Le « coming out » économique du Soudan à la conférence de Paris a suscité l’intérêt de grands investisseurs africains. Le Nigérian Aliko Dangote se dit intéressé par un investissement dans l’agroalimentaire, afin de répondre à la demande régionale de farine.

L’intérêt manifesté par le principal investisseur nigérian dans l’agroalimentaire et le ciment au Soudan apporte de l’eau au moulin des apôtres de la Zone de libre-échange continentale africaine (Zlecaf), qui souhaitent développer le niveau du commerce intra-africain qui plafonne aujourd’hui à 12 %.

Vera Songwe, secrétaire générale de la Commission économique des Nations unies pour l’Afrique (CEA), fait partie des champions de la Zlecaf. Depuis la scène de la conférence, elle a repéré le président de Dangote Industries Limited au premier rang et a lancé à la salle : « Vous savez que lorsque Dangote est ici, il y a des affaires sérieuses à faire. »

Nous sommes très doués pour faire tourner des usines

Le sucre et le blé, avenir du pays

« Nous allons investir. C’est définitif, oui », nous a déclaré Aliko Dangote. « Ce que j’ai trouvé le plus intéressant, ce sont les opportunités dans l’agriculture ».

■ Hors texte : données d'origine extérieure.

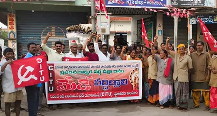 మైలవరం గ్రామపంచాయతీ కార్యాలయం వద్ద అంతర్జాతీయ కార్మికుల దినోత్సవం మే డే సందర్భంగా జెండా ఆవిష్కరించడం జరిగింది. సిఐటియు మండల కార్యదర్శి సుధాకర్ మాట్లాడుతూ, కార్మికుల విశిష్టత గురించి కొనియాడారు. అంతర్జాతీయ కార్మికుల దినోత్సవం కార్మికులతో జరుపుకోవడం అనేది సంతోషకరంగా ఉందన్నారు. ప్రతి ఒక్క కార్మికుడు నేడు కార్యక్రమాలు జరుపుకోవాలని అన్నారు. ఈ కార్యక్రమంలో పారిశుద్ధ్య కార్మికులు పాల్గొన్నారు.
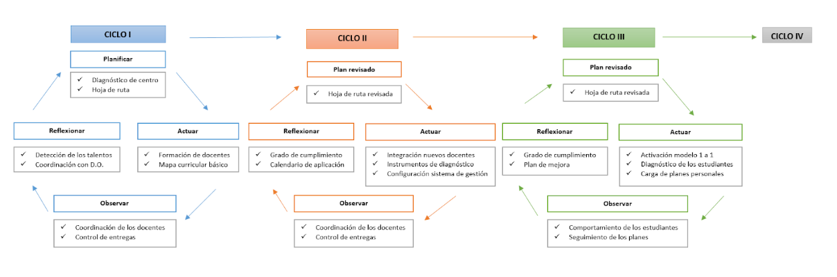 - CICLO I: Planificar el plan de acción a partir del diagnóstico del centro, formar a los docentes y diseñar los primeros materiales didácticos.
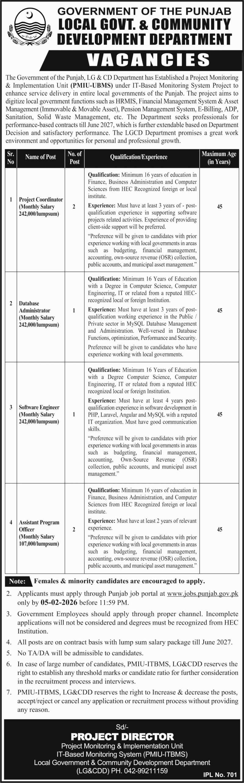 The Local Government & Community Development Department (LG&CDD), Government of the Punjab, has announced exciting career opportunities for the year 2026. The department has established a Project Monitoring & Implementation Unit (PMIU-ITBMS) to digitize local government functions. Applications are invited from dynamic, experienced, and qualified professionals for various contract-based positions.
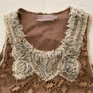 Pretty Angel boho layered crochet tunic top size S ruffle lace bottom sleeveless embroidered flower neckline, brown.
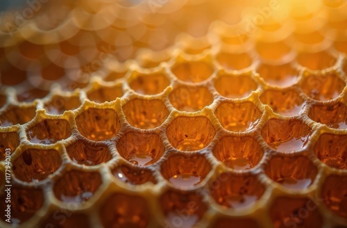 Honeycomb, macro background with sweet golden honey inside, close up. Texture and pattern wax sections. Commercial for honey sale background or banner concept
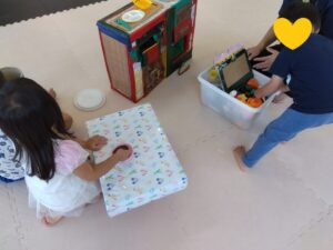 自由遊びではお友達と同じおもちゃで仲良く遊ぶことができました😊
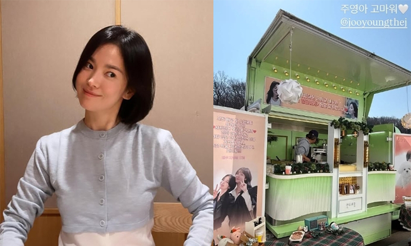 공개된 사진에는 차주영이 송혜교에게 보낸 응원의 간식차와 모습이 담겼다.

« J’ai eu une discussion avec le Premier ministre Abdella Hamdok, notamment au sujet des progrès dans le domaine du blé », explique Aliko Dangote. « Ils possèdent une variété hybride résistante à la chaleur et, en deux ans, ils ont pu atteindre jusqu’à 50 % d’autosuffisance. »

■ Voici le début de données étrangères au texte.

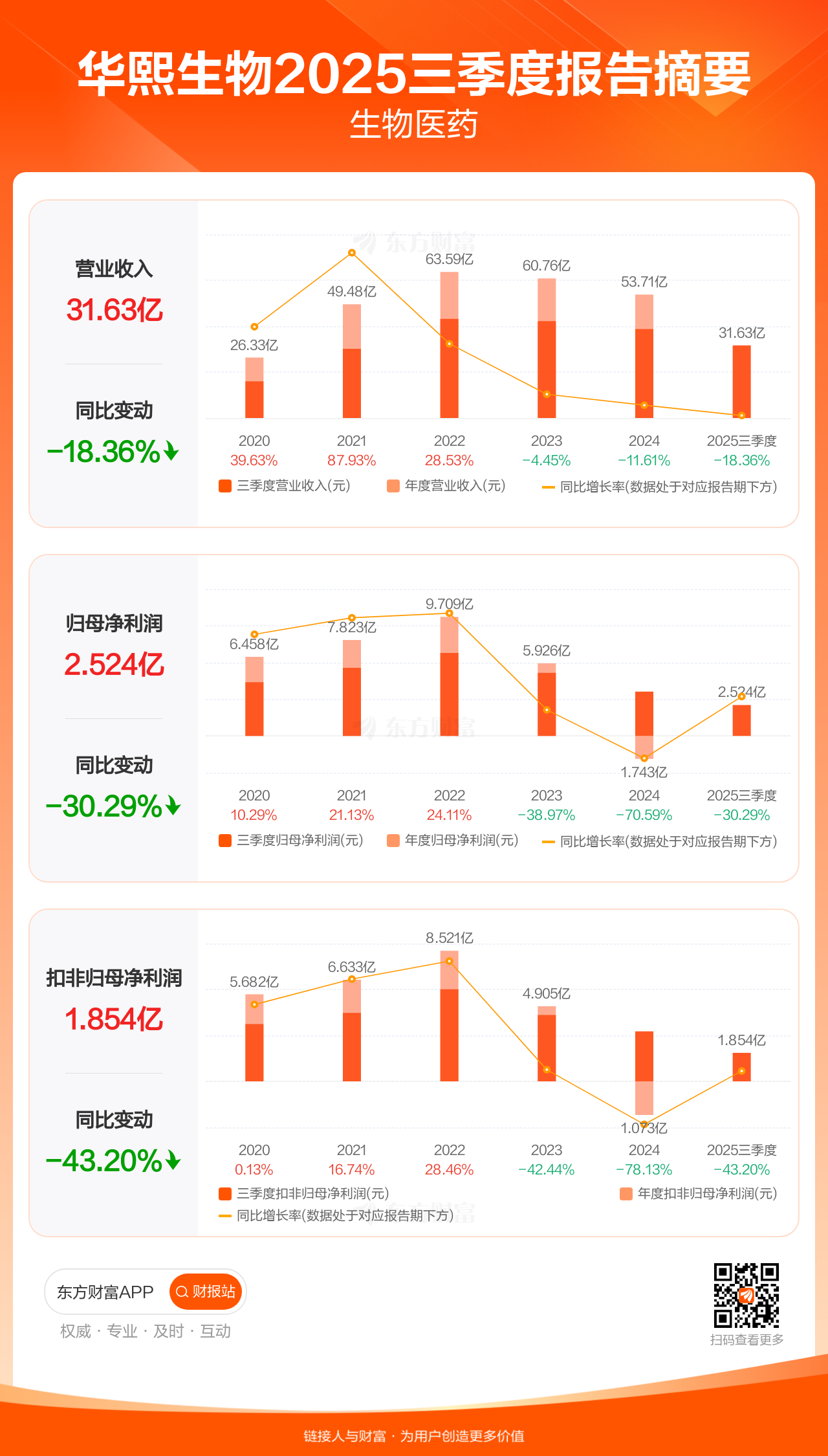 图解财报:华熙生物前三季归母净利润2.52亿元,同比减少30.29%

La douleur est immédiate, les bénéfices demandent du temps

Le sucre et le blé seront l’avenir de l’agriculture au Soudan, selon Dangote. « Nous sommes très doués pour faire tourner des usines. Cela pourrait donc être un domaine clé dans lequel nous investissons. »

Transformations structurelles

Le Soudan a dû faire face à d’énormes factures d’importation de produits de base. Grâce aux semences spécialisées fournies par la Banque africaine de développement (BAD), le programme de culture du blé a permis à l’administration de supprimer les subventions sur le pain.

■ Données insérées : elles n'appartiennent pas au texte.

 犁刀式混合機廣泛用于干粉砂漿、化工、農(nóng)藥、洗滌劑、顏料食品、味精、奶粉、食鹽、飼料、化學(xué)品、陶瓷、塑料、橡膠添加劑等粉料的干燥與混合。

Selon Hafez Ghanem, vice-président pour l’Afrique orientale et australe à la Banque mondiale, ces transformations structurelles dans l’ensemble de l’économie peuvent aider le Soudan à atténuer une partie de la douleur que les réformes peuvent entraîner. « La douleur est immédiate, les bénéfices demandent du temps ».

Le Soudan peut être le grenier à blé de la région

Dangote se dit impressionné par la trajectoire réformatrice du pays. « Ils ont très bien fait, et nous voulons participer à l’économie. En particulier l’agriculture, l’agroalimentaire et la transformation, peut-être la farine. »

« Une tout autre histoire »

Le groupe n’est plus présent dans le secteur de la minoterie au Nigeria. « En fait, nous avons vendu cette activité à Olam, et il ne serait pas bon de vendre quelque chose et de revenir en arrière pour recommencer », explique Dangote. La division farine a été vendue en 2019 pour 120 milliards de dollars nigérians (environ 240 millions d’euros).

Mais l’inclinaison du Soudan à consommer massivement les produits de base d’Égypte et du Moyen-Orient en fait « une tout autre histoire », estime Dangote. « Le Soudan peut être le grenier à blé de cette région. Il dispose d’immenses étendues de terres irriguées, plus de 800 000 hectares, rien que dans cette zone particulière [de culture du blé] ». Un véritable contraste avec l’agriculture en Arabie saoudite « essentiellement désertique ».